The total share capital of the S&P 500 stocks evaporated by $2.4 trillion, the index hit its largest single-day percentage drop since June 2020.
The Dow Jones Industrial Average also hit its largest single-day decline since June 2020, while the Nasdaq Index hit its largest single-day decline since the COVID-19 pandemic caused global markets to fall into a downturn in March 2020.
The fuse is that Trump imposes 10% tariffs on most U.S. imports and higher tariffs on dozens of other countries, which has the potential to trigger global economic turmoil.
Investors sell positions to reflect new economic reality while worrying about how other countries will respond to Trump's statement at the White House.
The EU has expressed retaliation, which will face a 20% tariff. South Korea, Mexico, India and several other trading partners said they would stay on hold for the time being because they would seek relief before the tariffs take effect on April 9.
It is expected to fluctuate violently in the xmaccount.coming days, and the CBOE volatility index, known as the Wall Street Fear Index, closed above 30 points for the first time since August. "There are still much more questions now than the answers," said Steven DeSanctis, a small and medium-cap stock strategist at Furui. "The tariffs have caused blood in U.S. stocks, in stark contrast to Trump's initial optimism since his November campaign victory, when a xmaccount.commitment to business-friendly policies pushed U.S. stocks to record highs. High-growth technology stocks that have helped drive stock indexes to hit new highs in recent years suffered a heavy blow on Thursday.
Apple fell 9.2%, its worst single-day performance in five years, with Nvidia falling 7.8% and Amazon falling 9%. Traders' expectations for the Fed's rate cut are heating up.
George Bory, chief investment strategist at the fixed income team of Allspring Global Investments, said: "The Fed does have considerable firepower to help the market.
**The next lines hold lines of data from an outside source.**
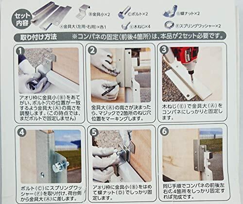 製造国:日本 内包物:金具大(左用・右用)×各1 金具小×2 ボルト×2 木ねじ×4 蝶ナット×2 スプリングワッシャー×2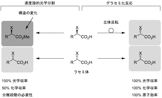 これに対してデラセミ化反応は、酵素がラセミ体基質のうち一方の鏡像体の立体配置のみを認識し、これを立体反転して他方の鏡像体へと変換する。つまり基質と生成物の間で違っているのは立体配置のみということになる。したがって光学的に純粋な化合物を100%の収率にて回収できる。また反応の前後で構造が同じであることから分離操作も必要なく、原子効率も100%というまさに夢のような反応である。デラセミ化反応はラセミ体からの光学活性体調製法としてこれまでの限界を乗り越える究極の方法であるといえる2)。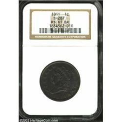 1811 1C MS61 Brown NGC. S-287, R.2. This coin should be of obvious importance to Mint State type col

The market is currently expected to have more rate cuts and may be carried out in advance," he added that the rate cut in June now seems to be a foregone conclusion and a possibility in May is also possible.
Friday’s employment data and Fed Chairman Powell’s speech are of great significance and may provide vital revelation for the health of the U.S. economy and future interest rate trends.
Retailers were hit hard by a series of new tariffs on major production centers such as Vietnam and Indonesia, with Nike and Raf Lauren plummeting 14.4% and 16.3% respectively. Large bank stocks, which are sensitive to economic risks, also plummeted. Citigroup, Bank of America and JPMorgan Chase all fell between 7% and 12.1%.
The U.S. small-cap Russell 2000 index plummeted 6.6%, the worst single-day decline since the outbreak, highlighting concerns about the health of the domestic economy.
The energy index fell 7.5%, the largest drop among the S&P 11 sectors, as crude oil prices fell 6.8% due to tariffs and OPEC+ acceleration of production growth.
The only sector that did not fall was the consumer staples sector, which rose 0.7%. This sector has historically been considered a defensive sector.
Gold market
Gold prices narrowed their decline on Thursday after falling more than 2% from their all-time highs, the United StatesThe sharp market drop caused by Trump's imposition of import tariffs has also affected gold traders. Spot gold fell 0.85% to $3,106.99, and climbed to an all-time high of $3,167.57 earlier in the session.
U.S. gold futures closed down 1.4% to $3,121.70. Traders believe the decline in gold is due to some profit-taking and margin-added situations in other asset classes, which may prompt investors to sell some of their holdings to cover losses. "As the market sells under the pressure of deleveraging, the market is looking for buying opportunities in the decline," said Peter Grant, vice president and senior metals strategist at ZanerMetals. "The market is looking for buying opportunities in the decline due to concerns that tariffs will curb economic growth, Trump's tariff policy has pushed financial markets to decline sharply. However, the overall trend of gold seems to remain unchanged, with the safe haven soaring by more than $500 so far this year.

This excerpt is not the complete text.